I’ve got a little revelation – For a while I have alluded to a Twitter conversation where two users who are African fiction book lovers were arguing whether a particular writer was a good writer or a good storyteller. That writer was Niq Mhlongo. They could not reach an agreement but I always knew on which side of the divide I belonged. Dog Eat Dog is Niq Mhlongo’s debut which was published 20 years ago. I wanted to add a reread to my 2024 TBR and chose it for the special nostalgic memories it holds. I read it weeks after it was published and that period holds special memories for me.  Rereading it brings back those memories but while this review is not about the time when I first read it, previous memories play a part in rereads. One thing that is obvious in rereading Dog Eat Dog is how much Niq Mhlongo has grown as a writer. Dog Eat Dog is a post-apartheid novel that is set in 1994, and apartheid has just ended. Racial integration has just begun and non-segregation is becoming the mantra of public institutions. In it, the protagonist Dingz, is a young black Wits University student from a poverty-stricken family, whose mother single-handedly supports nine children (including grandchildren) from her pension. The basis of the story is how Dingz navigates life as a fresh undergraduate while being disenfranchised when his expected bursary does not come through and the new South Africa is unfolding. A new South Africa where the past holds back a typical black South African like Dingz and prevalent social issues like xenophobia, crime, HIV/AIDS and racism are at play.

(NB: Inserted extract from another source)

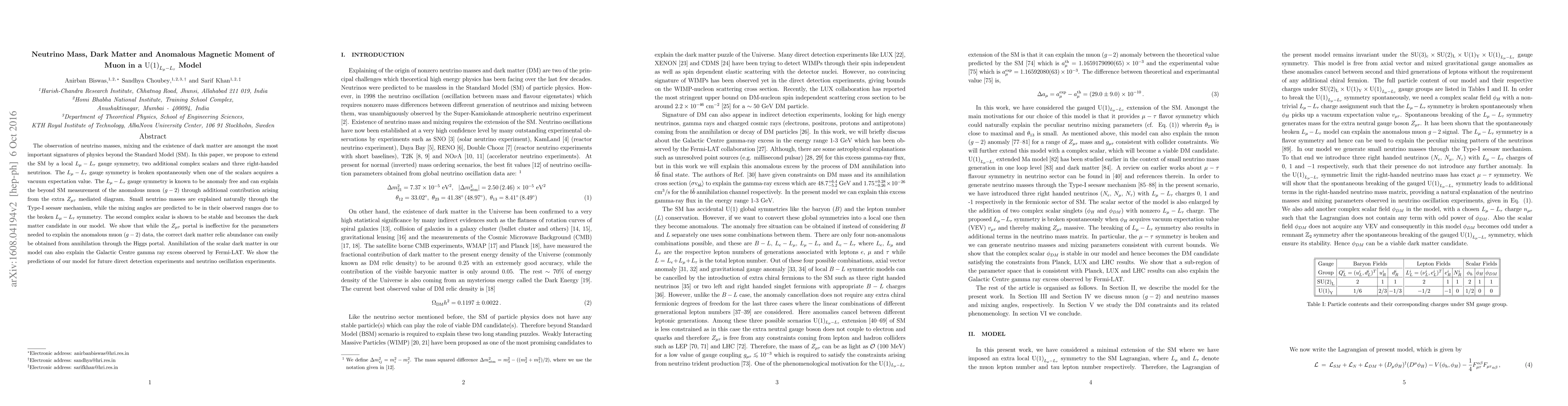 This paper proposes an extension of the Standard Model by introducing a local $U(1)_{L_{\mu}-L_{\tau}}$ gauge symmetry, additional scalars, and right-handed neutrinos to explain neutrino masses, dark matter, and the anomalous magnetic moment of the muon. The model naturally explains small neutrino masses via the Type-I seesaw mechanism and predicts the dark matter candidate through the stability of a second complex scalar.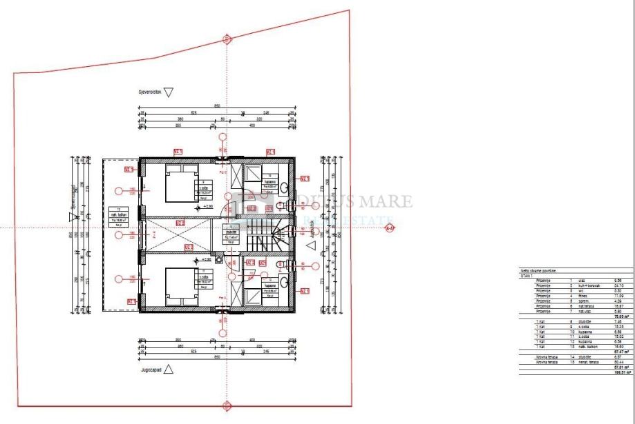Na katu se nalaze 2 spavace sobe u kojima se nalazi wc sa toaletom, te stepenice koje vode na 2 kat, odnosno krovnu nenatkrivenu terasu, s koje se prostire pogled prema moru.

Rereading Dog Eat Dog, there is a lot of fun and witty dialogue but the story is lacking in rigour and substance. The characters are barely developed and Dingz stumbles from one drinking session to a sexcapade to another drinking session. His academics are almost irrelevant in the scheme of things and he just seems to cruise through with little effect either way. The strength of Dog Eat Dog is not in its story (which is almost nonexistent), or even in its characters, but in its setting and descriptions of place. The description of the Soweto and larger Joburg environs is spot on. This is one aspect of Niq’s work that has been excellent from day one. No one describes or sets a story in South African townships any better. His subsequent works have been a marked improvement on Dog Eat Dog in terms of plot development and character development. This reread has satisfied a nostalgic itch but I’ll rather recommend his later works.